Severe cardiac hypersensitivity reactions, such as the acute hypersensitivity-induced Kounis-type myocardial infarction, can occur in response to platinum agents and manifest as the usual symptoms of IgE/mast cell-mediated hypersensitivity reactions [20,21,22,23,24,25].
Taxanes, such as cabazitaxel, docetaxel, nab-paclitaxel, and paclitaxel, are complex alkaloid esters that provide broad-spectrum anticancer activity of solid malignancies. Their mechanism of action consists of the inhibition of cell division, chromatid separation, and growth, which ultimately leads to cell death. Hypersensitivity reactions are common and range from mild, severe, and fatal that is unresponsive to initial therapy. Approximately 30% of patients receiving taxanes have developed hypersensitivity reactions.
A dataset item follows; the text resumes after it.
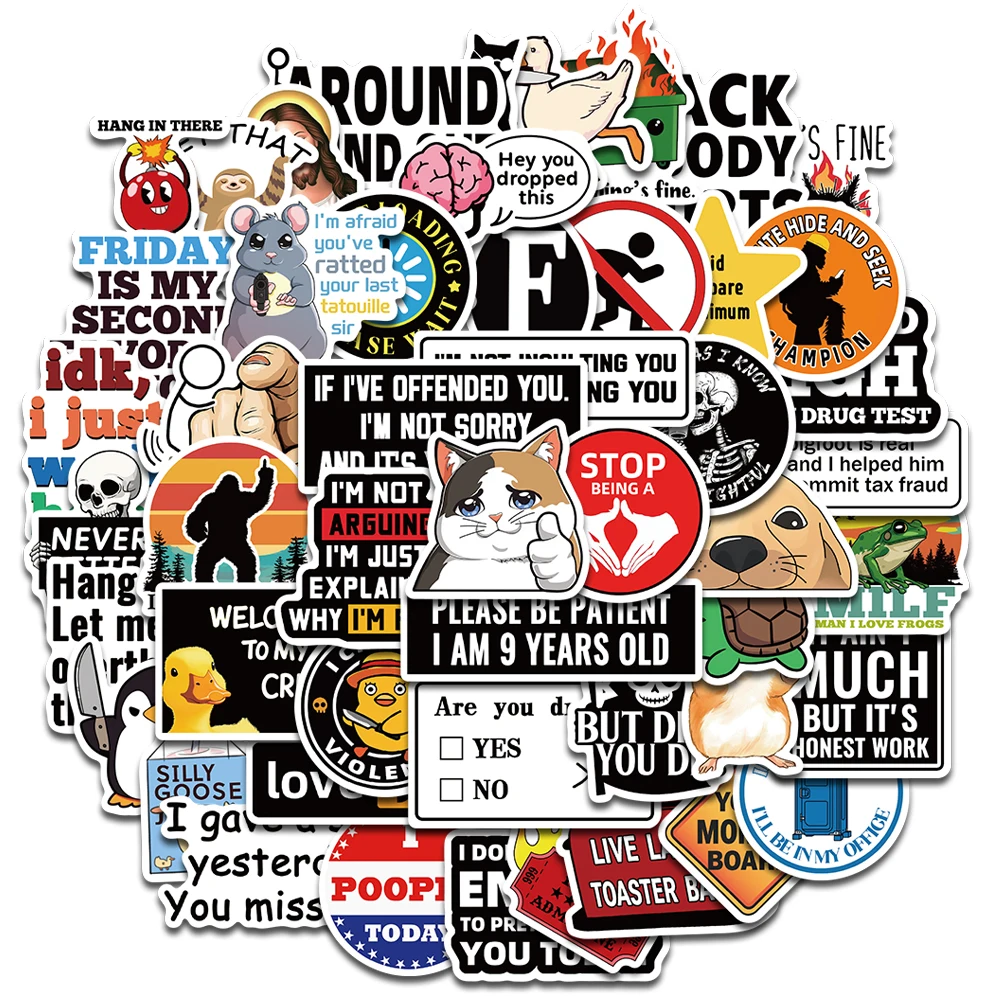 aliexpress , ali , shop , ali shop , online , store , online shop , online store , buy , sell , 50PCS Prank Meme Stickers Harajuku Decals DIY Fashion Graffiti Decals Luggage Notebook Bike Gift Phone Suitcase Sticker

Proposed mechanisms include IgE-mediated anaphylaxis with elevated tryptase levels, direct activation of mast cells and/or basophils, and complement activation [5]. Cross-reactivity in various types of taxanes increases to 50%. Nab-paclitaxel, which is similar to paclitaxel, contains human albumin particles instead of Cremophor El and the hypersensitivity reactions are fewer. Kounis syndrome associated with hypersensitivity has occurred in patients treated with paclitaxel administration [26,27]. Moreover, drug-coated balloons are used widely as a form of endovascular treatment for peripheral arterial disease. These balloons contain anti-proliferative drugs, such as paclitaxel, which improve vessel patency by reducing neointimal hyperplasia and restenosis. Indeed, acute coronary syndrome of Kounis type syndrome secondary to anaphylaxis after the inflation of a paclitaxel-coated balloon, which was used to treat recurrent superficial femoral artery stenosis, have been reported [28,29].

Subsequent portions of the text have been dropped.